Each of the processes employs either an electrostatic precipitator (ESP) or a fabric filter.
Emissions from the processes and control type combinations (e.g., a dry-process kiln controlled
by an ESP and a wet-process kiln controlled by a fabric filter) would be compared to determine
if the data sets should be combined.  These procedures would not be applied to source test data
from processes or controls that are clearly separate and distinct (e.g., coke oven emissions and
electric arc furnace emissions) nor would they be applied to source test data that are clearly
representative of the same source type, same fuel or same controls. In cases where it is
acceptable to combine the new and existing data, the BDL and outlier calculation procedures
found in  Appendix B and Appendix C, respectively, are used in the emissions factor
development process.

       Simple statistical characteristics such as the number of values, the mean and the variance
can be used to represent a data set for computational purposes. Comparison of similar
characteristics between data sets  can determine whether the data sets are from the same
population of values. If the data sets are determined to be from the same population of values,
the data sets can be combined into a single, combined data set, often referred to as a pool.
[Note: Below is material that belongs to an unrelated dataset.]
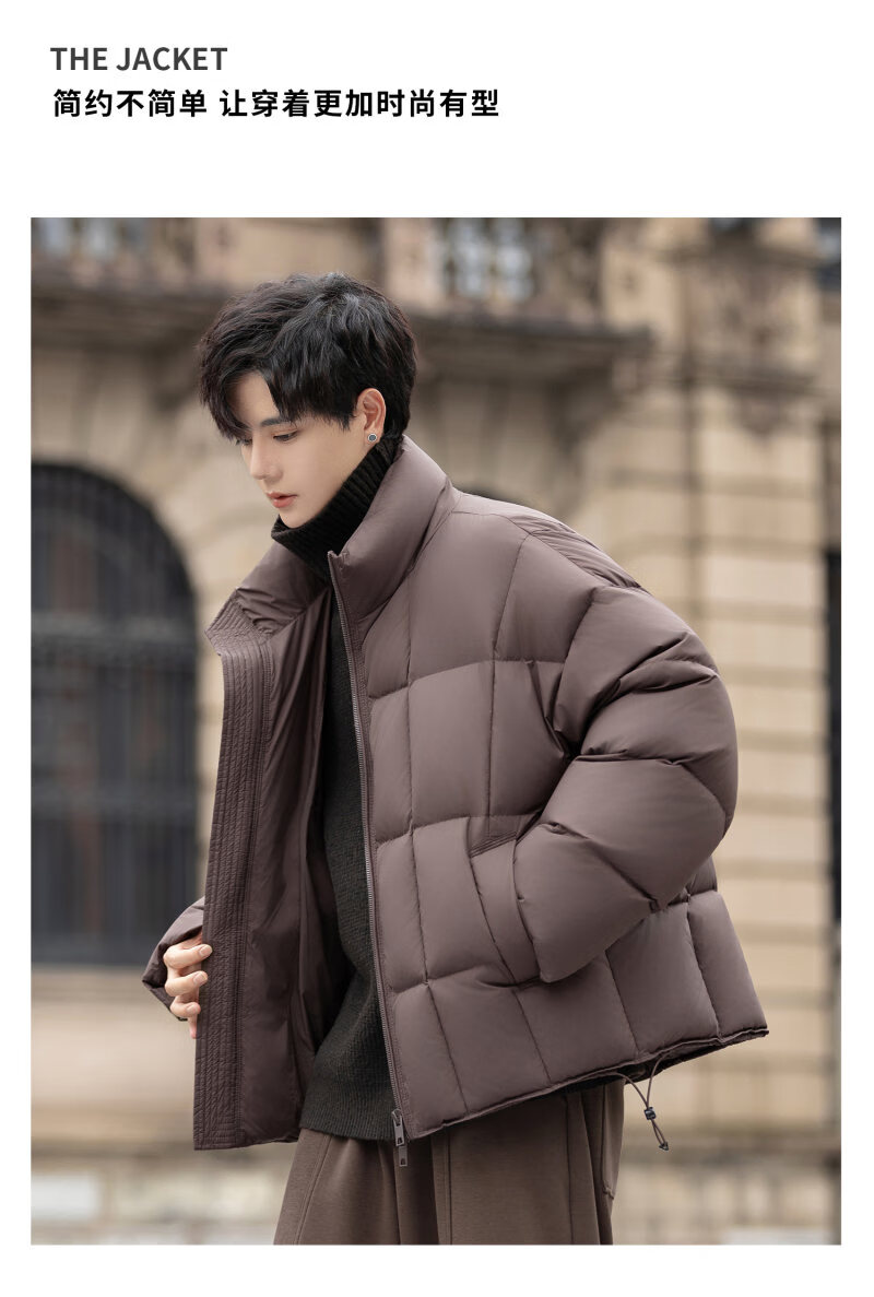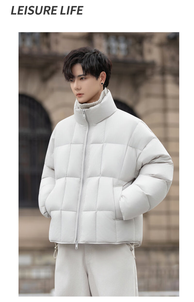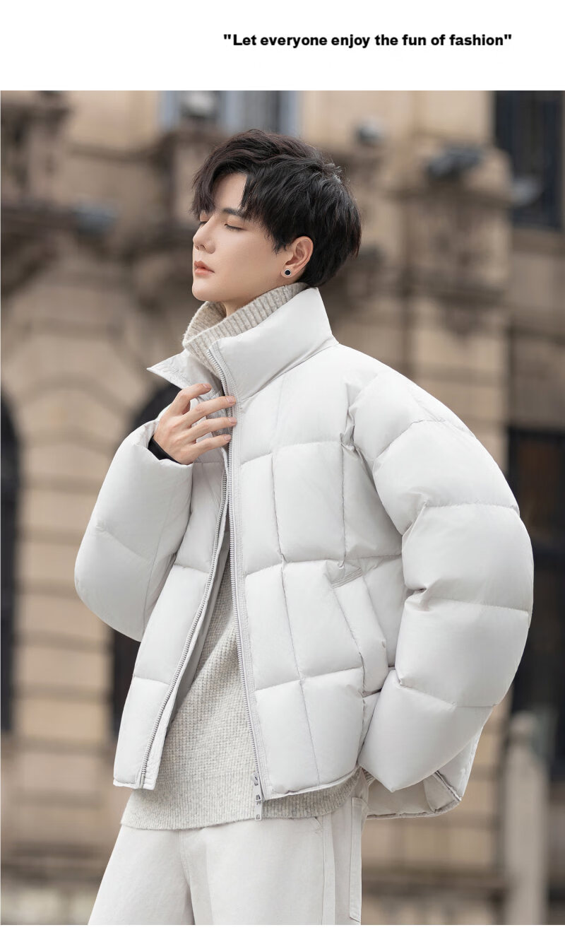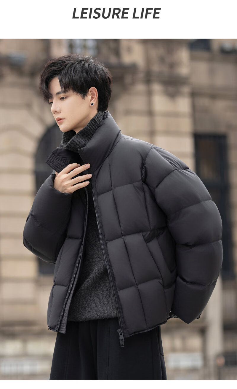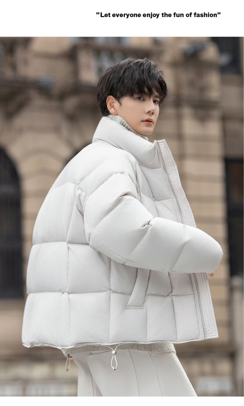 罗蒙(ROMON)200g高充绒重磅立领短款羽绒服男士冬季防风加厚保暖面包服外套潮 月光灰 M

Pooled
values are preferred over individual  values because pooled values provide the best estimate of a
population's variance.


2.0    Description of Procedures
       The data combination assessment procedures that we will use to determine whether a new
data set should be combined with an existing data set are based upon use of the Student's t-test.
3 ProUCL is described and can be downloaded from the following Internet address:
http://www.epa.gov/osp/hstl/tsc/software.htm.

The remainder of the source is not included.